Can Copy Trading Be Gamified to Benefit Everyone? Why Web3 Could Be The Solution


Social trading has gained significant traction as one of the models that newbies can leverage to get a less risky exposure in sophisticated markets. According to the latest analysis by Market Research, this industry was valued at $311.5 million in 2021. Projections show this figure will likely grow at a CAGR of 64.7% to hit $12.9 billion by 2028.

The growth of this nascent niche can be attributed to the value of copy trading or other forms of social trading such as mirror or signal trading to the modern-day investor. Before the 2008 financial crisis, most of the financial market participants were established financial institutions, leaving out retail investors who wanted to get exposure in riskier assets.

The Flaw in Traditional Copy Trading Models

Despite the success of the copy trading model, it still has some structural flaws when it comes to the incentivization mechanisms. The gains are typically skewed in favour of the experienced traders who assume the role of ‘leaders’ in social trading platforms such as Avatrade, FXTM, Naga, and many more.

Most of the copy trading platforms that exist reward expert traders based on the number of followers (copy traders) rather than performance. A good example is eToro where elite pros are eligible to receive a fixed 1.5% payment of the total Assets Under Custody (AUC) for the first $20 million, with additional increments as the capital from one’s followers increases.

The problem with this model is that it creates a scenario where a trader earns fees from copiers even when their trades are not performing well. As a result, experienced traders may focus more on attracting followers than on executing profitable trades​.

The Implication of Skewed Incentives in Copy Trading

While it is only fair to reward the experts who share their trading strategies, there are several implications that arise from the currently skewed incentivization model.

High-Risk Strategies: The pressure to get more followers triggers even the best to shift their focus from performance to follower acquisition. Naturally, most expert traders end up adopting high risk strategies which although profitable sometimes, they end up backfiring in many instances. What’s worse however is that the copy traders end up bearing the biggest brunt of this fundamental shift in the copy trading psychology.

Lack of Accountability: Because these traders can earn fees regardless of performance, there is little incentive for them to ensure their strategies are sound or beneficial for the copy traders. This situation creates an environment where the interests of traders and investors are misaligned​.

Psychological Effects on Copy Traders: New traders often enter copy trading with the belief that they are minimizing risk by following established experts. However, the incentives at play can expose them to higher risks than anticipated. This can create a scenario where the newbies become more cautious towards allocating capital in their desired markets or even trading at all in future.

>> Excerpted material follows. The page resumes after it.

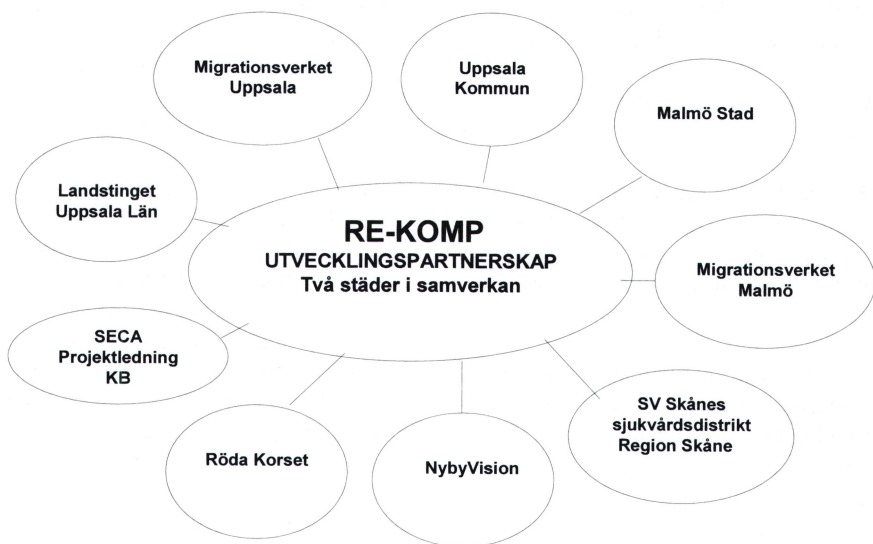
Figur 1: I partnerskapet ingår sex partners med säte i Uppsala - Uppsala kommun, Migrationsverket i Uppsala, Uppsala läns landsting, Röda Korset, NybyVision och SECA Projektledning KB - och tre i Malmö - Malmö Stad, Migrationsverket i Malmö och Sydvästra Skånes sjukvårdsdistrikt Region Skåne

i hemlandet eller annat land. De utvecklade metoderna ska leda till att gemenskapsinitiativets krav på empowerment och jämställdhet tillgodoses.

How Web3 Gamification Can Level the Playing Field

Web3 has been touted as the ultimate solution to most of the existing problems that arise from centralized ecosystems. This third iteration of the internet is the foundation of leading crypto ecosystems such as Bitcoin and Ethereum, which are guided by principles such as decentralization, transparency and permissionless economies.

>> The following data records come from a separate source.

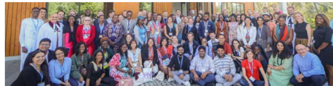
Die Teilnehmenden des LWB Youth Camps 2023

Als Pre-Event der Vollversammlung des Lutherischen Weltbundes fand vom 4.9. bis 11.9.2023 ein Jugendcamp unter dem Motto Reshape/Reform statt. In Wrocław/Breslau trafen wir 24 Teilnehmerinnen und Teilnehmer aus Afrika und Mitteleuropa erstmals aufeinander. Dort besuchten wir das „Viertel der gegenseitigen Achtung“. Das ist ein Bezirk, in dem eine Synagoge und je eine Kirche der drei Hauptkonfessionen nah beieinanderstehen und gemeinsame Wohltätigkeitsveranstaltungen organisieren. Dies basiert auf dem gegenseitigen Respekt, ungeachtet der Religion, und dem Glauben, dass jeder Mensch ein Kind Gottes ist. Unsere nächste Unterkunft befand sich in Krzyżowa/Kreisau, wo einst der Kreisauer Kreis tagte. Dort hörten wir Vorträge, beispielsweise zum Thema „Resilienz“, und arbeiteten in einem Permakulturgarten. Nicht weit von Krzyżowa entfernt befindet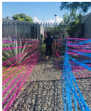
Intervenciones en el espacio público, Universidad de Celaya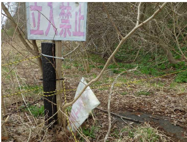
進入禁止ロープの切断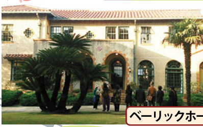
ベーリックホール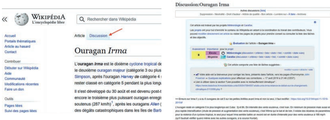
Figure 1 : Capture d'écran de la page de discussion de Wikipédia relative à l'ouragan IRMA

articles concernant des événements d'actualité (Keegan et al. , 2013). Avant d'être une encyclopédie généraliste, Wikipédia est utilisée par les internautes comme un moyen d'obtenir de l'information sur un événement en cours ou récent : c'est un lieu en ligne incontournable, quelle que soit l'actualité (décès d'une personnalité célèbre ou autre événement d'actualité). L'encyclopédie en ligne donne par ailleurs lieu à de nombreux échanges entre les contributeurs, que l'on retrouve dans les onglets « discussions » présents pour chacune des pages Wikipédia (Figure 1).

So, how can Web3 solve the incentivization problem in today’s copy trading model? One of the simplest ways to align incentives is through the gamification of copy trading ecosystems for the benefit of all involved parties. This model has already been embraced by next-gen copy trading platforms such as Mosaic Alpha.

Unlike the traditional approach where lead traders stand to gain the most, this Web3 copy trading platform has gone a step further to introduce a ‘gamified’ performance fee. The catch is that this fee can only be charged to copy traders when a lead trader’s token basket hits an all-time high. For context, Mosaic Alpha’s token baskets consist of several crypto assets selected by lead traders to form a strategic portfolio allocation.

With such an incentive in place, lead traders are not only motivated to attract copy traders who will buy into their token baskets through a one-time fee, but also challenged to consistently post higher returns, given that the performance fee is conditional on whether their token baskets are successful for their followers.

Another intriguing approach is decentralized leaderboards by Web3 social trading platforms or interactive crypto data analytics platforms such as Dune. Today, it is possible for data wizards to create dashboards that track some of the best crypto trader’s wallets. While the goal may not be directly linked to social trading, such initiatives are unconsciously creating gamified ecosystems that newbie crypto traders can leverage in their trading journey.

More importantly, the lead traders whose progress is tracked through public dashboards of curated leaderboards have no motivation or means to charge those who replicate their trades.
It is a win situation for copy traders who have some little technical know-how of interpreting on-chain data.

Conclusion

Although still a relatively new area of innovation, Web3’s gamification of copy trading can address the misaligned incentives found in traditional models, where lead traders often profit without regard for performance. Through decentralized systems and performance-based rewards, this approach not only fosters accountability but also creates a transparent and equitable trading environment.